Every line from the one with "Продаётся полностью автоматизированный" to the end of the listing, and nothing else, is to be printed exactly; please leave the pictures out.
### Source material ###
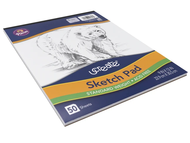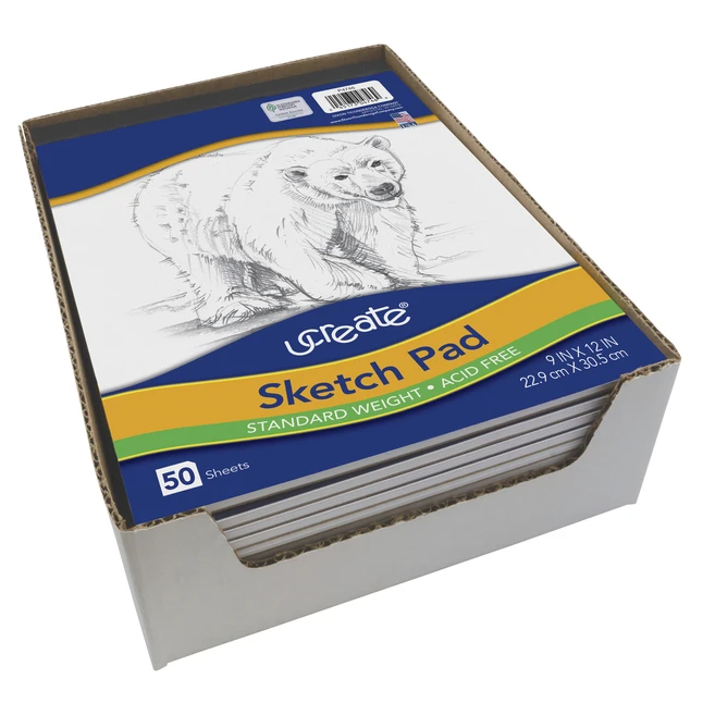 Ucreate Lightweight Sketch Pad, 9 X 12 Inches, Bright White, 50 Sheets
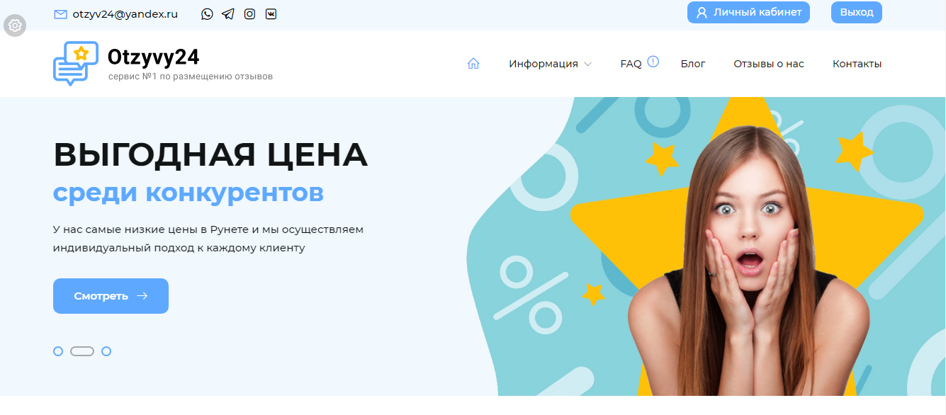 Продаётся полностью автоматизированный сайт по заказу положительных отзывов в Интернете. Сайт полностью настроен и готов к работе. Что выгодно отличает данный сайт от конкурентов:
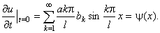 - Пусть начальные отклонения струны, закрепленной в точках x=0 и x=l, равны нулю, а начальная скорость выражается формулой
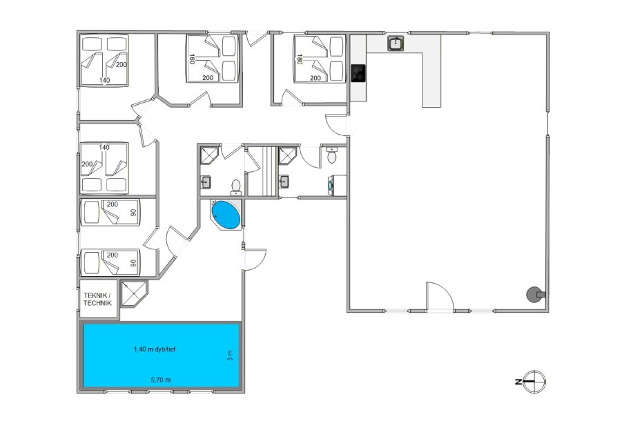Krattet 31 i Søndervig er et oplagt feriehus, hvis I er en stor familie eller to familier, der vil nyde en ferie sammen. Feriehuset har nemlig plads til ti personer samt to hunde. I dette feriehus er der masser af plads til sjov og leg – både ved fodboldbordet og i poolen. Hvis man ønsker lidt afslapning ovenpå alt det sjove, kan man nyde boblerne i spabadet og varmen i saunaen bagefter.
###
◆ **Answer to this problem**
 Продаётся полностью автоматизированный сайт по заказу положительных отзывов в Интернете. Сайт полностью настроен и готов к работе. Что выгодно отличает данный сайт от конкурентов:
 - Пусть начальные отклонения струны, закрепленной в точках x=0 и x=l, равны нулю, а начальная скорость выражается формулой
Krattet 31 i Søndervig er et oplagt feriehus, hvis I er en stor familie eller to familier, der vil nyde en ferie sammen. Feriehuset har nemlig plads til ti personer samt to hunde. I dette feriehus er der masser af plads til sjov og leg – både ved fodboldbordet og i poolen. Hvis man ønsker lidt afslapning ovenpå alt det sjove, kan man nyde boblerne i spabadet og varmen i saunaen bagefter.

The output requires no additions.